The skill sends text to the OpenAI audio.speech endpoint, selecting model, voice, speed, and response format. For texts longer than the API character limit it splits input into sentence-aware chunks, generates audio for each chunk, and concatenates segments into a single output file. It supports streaming or full-file responses and includes retry/backoff logic for transient API or rate-limit errors. Choose tts-1 for standard speed/cost or tts-1-hd for higher fidelity.

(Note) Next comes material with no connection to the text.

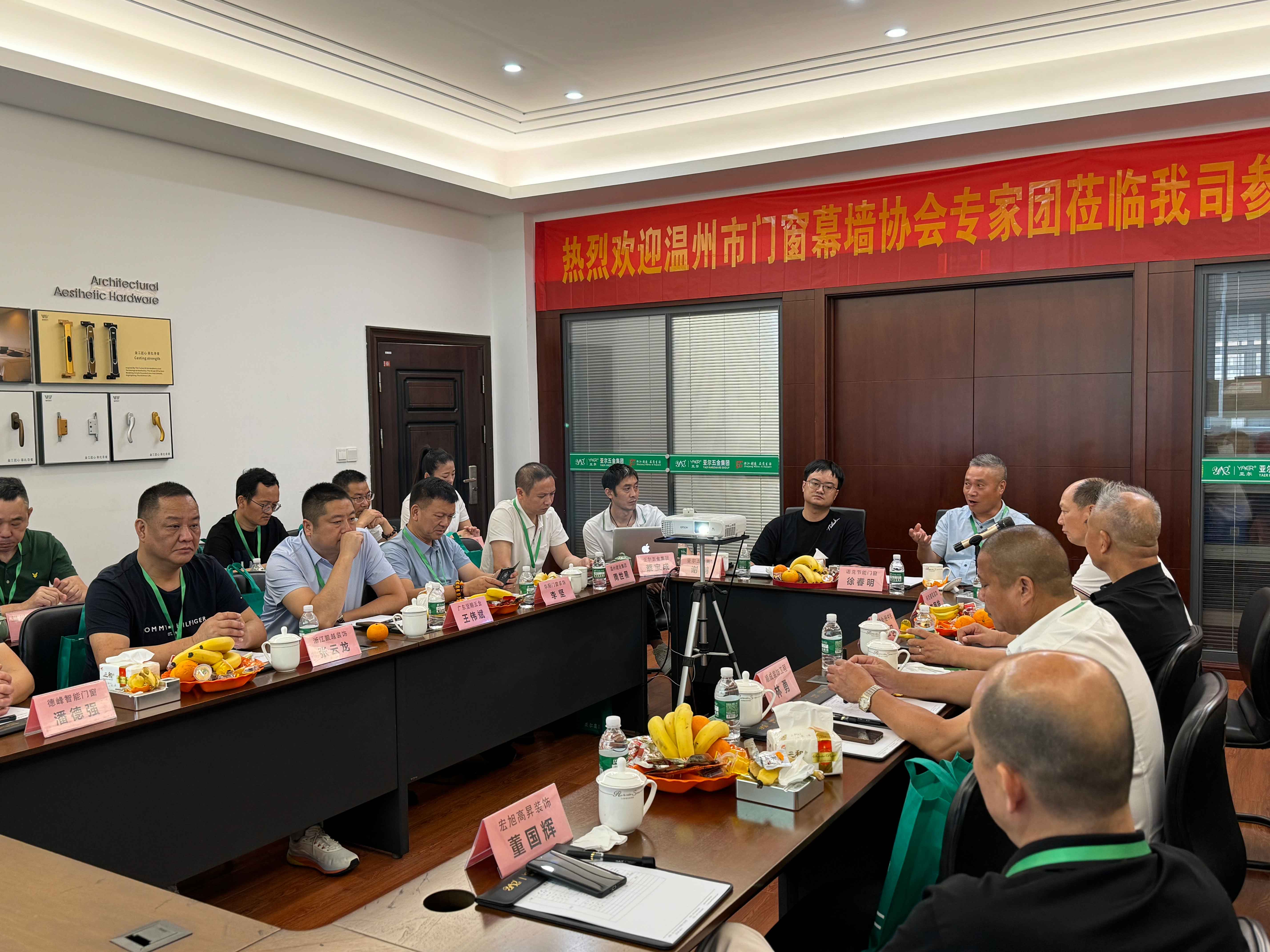 2024 年 6 月 20 日下午三點(diǎn)整,溫州市門(mén)窗幕墻協(xié)會(huì)四屆三次理事會(huì)議在亞爾五金集團(tuán)有限公司(瑞安市塘下鎮(zhèn)汽摩配產(chǎn)業(yè)基地登峰路 289-1 號(hào))隆重舉行。

What voices and speeds are available?
Six voices: alloy, echo, fable, onyx, nova, shimmer. Speed control ranges from 0.25x to 4.0x.
How does the skill handle long text?
It automatically splits long text into sentence-aware chunks under the 4096-character limit, generates audio per chunk, and concatenates the segments into one file.